The plaintiff has not come into Court with clean hands. It would not be equitable to allow the plaintiff to get at profits in this indirect fashion.

2. I do not understand these sentences. On appeal the Subordinate Judge held relying on Venkatarama Aiyar v. Ramaswami Aiyar ILR (1920) M 539. : 1920 40 MLJ 204 that the transfer was valid and therefore the vendee under Ex. A ought to have sued for mesne profits and not the present plaintiff and accordingly dismissed these suits though he decreed the other suit. The plaintiff files these Second Appeals.

3. The decision in Seetamma v. Venkataramanayya : (1913)25MLJ410 has been followed in Mulhu Hengsu v. Netravathi Naiksavi (1920) 12 LW 44 in which the Judges also rely upon Defries v. Milne (1913) 1 Ch 98. The same view was taken in Mohesh Lal v. Mohant Bawan Das ILR (1883) C 961 and recently again by Greaves and Cumming, JJ., in Sukhamoyee Biswas v. Manoranjan Chaudhury 89 IndCas 827. The Patna High Court also took the same view in Jai Narayan Pande v. Kishun Dutta Misra ILR (1924) Pat 575. The point did not arise in Venkatarama Aiyar v. Ramaswami Aiyar ILR (1920) M 539. : 1920 40 MLJ 204 where what was transferred was a decree in regard to past mesne profits. But, though this question did not arise there, both the learned Judges made a passing reference to it. Sadasiva Aiyar, J., said that these decisions are the result of an unnecessarily close adherence to the development of law of torts in English Courts. Seshagiri Aiyar, J., says that when he decided the case in Muthu Hengsu v. Netravathi Naiksavi (1920) 12 LW 44 the fact, that the sale deed covered the right to mesne profits, was not brought to his notice at the time of the hearing and then he adds:

If the decision to which I was a party is to be understood as laying down that even in cases of actual transfer of mesne profits as subsidiary to the enjoyment of the property the right cannot be enforced, I am not prepared to stand by it.
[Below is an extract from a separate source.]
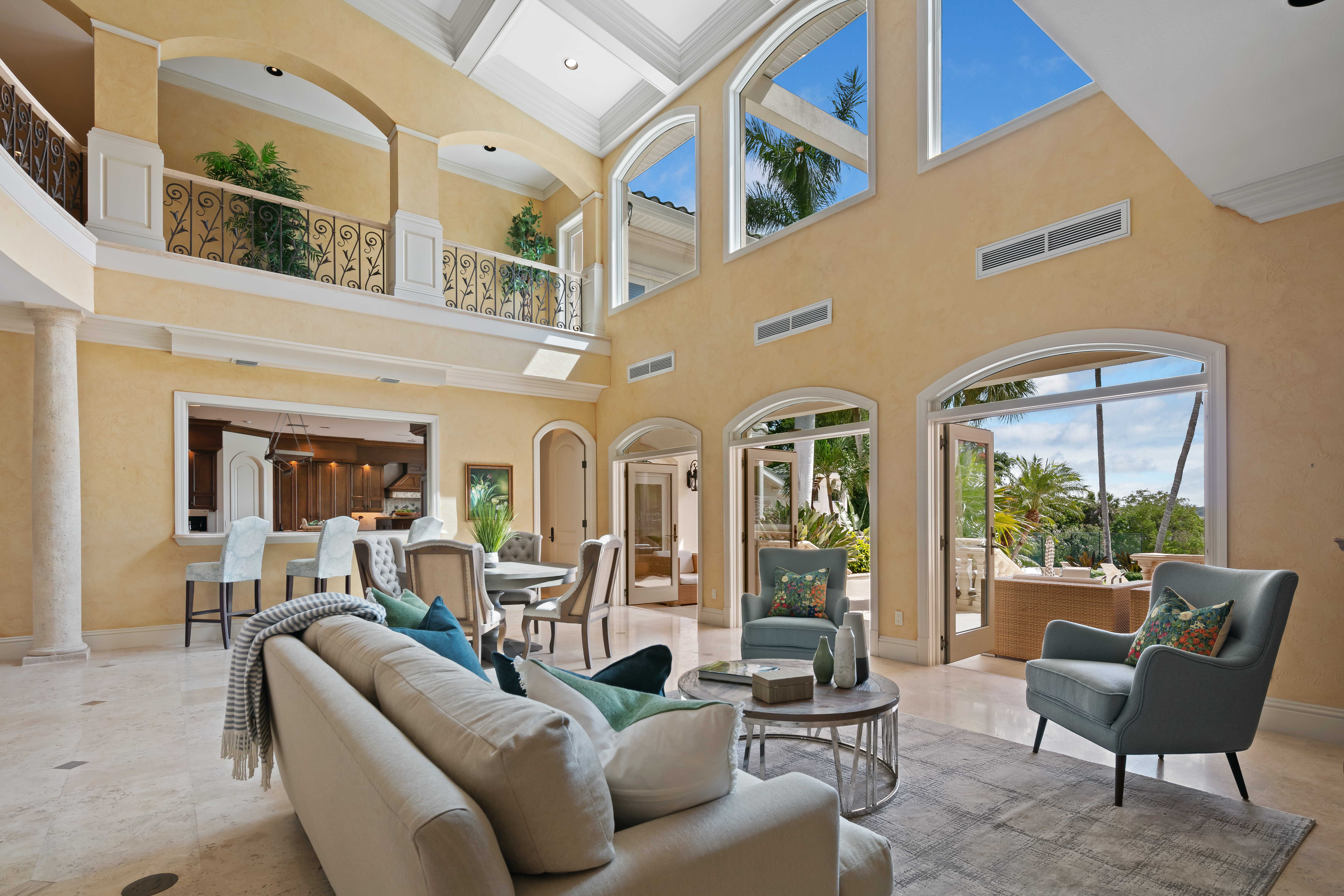 The entryway is downright palatial, with wrought-iron balustrades framing a sweeping double staircase that climbs toward a 26-foot coffered ceiling hung with a grand chandelier. It's so grand we'd feel rude wearing jeans past the threshold.
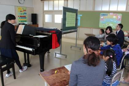 ふれあい教室の授業参観では、音楽の学習で楽しく歌を歌いました。

4. If the learned Judge meant to say that the right to past profits is subsidiary to the enjoyment of the property, I am not prepared to agree with him. Section 8 of the Transfer of Property Act says only the rents and profits accruing after the sale must be regarded as included in the legal incidents of the property. But as to past profits that accrued due prior to sale it cannot be said that they are subsidiary to the enjoyment of the property. It cannot be said that to make a sale operative and effective, the right to collect past profits must also be conveyed to the vendee. This is also the view of Das, J., in Jai Narayan Pande v. Kishnn Dutta Misra ILR (1924) Pat 575. I am therefore inclined not to share the doubts of Seshagiri Aiyar, j., in Venkatarama Aiyar v. Ramaswami Aiyar ILR (1920) M 539 : 40 MLJ 204, and I am of the opinion that the earlier decision to which he was a party, namely, Muthu Hengsu v. Netravathi Naiksavi (1920) 12 LW 44 is rightly decided. There is a singularly uniform course of decisions on this point in all the Courts and as I do not feel any doubt on the matter I do not see why I should depart from the decision in Seetamma v. Venkataramanayya ILR (1913) M 308 : 19136 25 MLJ 410 on account of the doubts in the nature of obiter dicta expressed in Venkatarama Aiyar v. Ramaswami Aiyar ILR (1920) ILR 44 M 539 : 40 MLJ 204. I may point out that Sadasiva Aiyar, J., himself had followed in Govindasami Pillai v. Ramasivarni Aiyar : (1916)30MLJ492 the decision in Seetamma v. Venkataramanayya : (1913)25MLJ410 . Following these decisions I think the plaintiff in these cases is entitled to a decree for the mesne profits prayed for.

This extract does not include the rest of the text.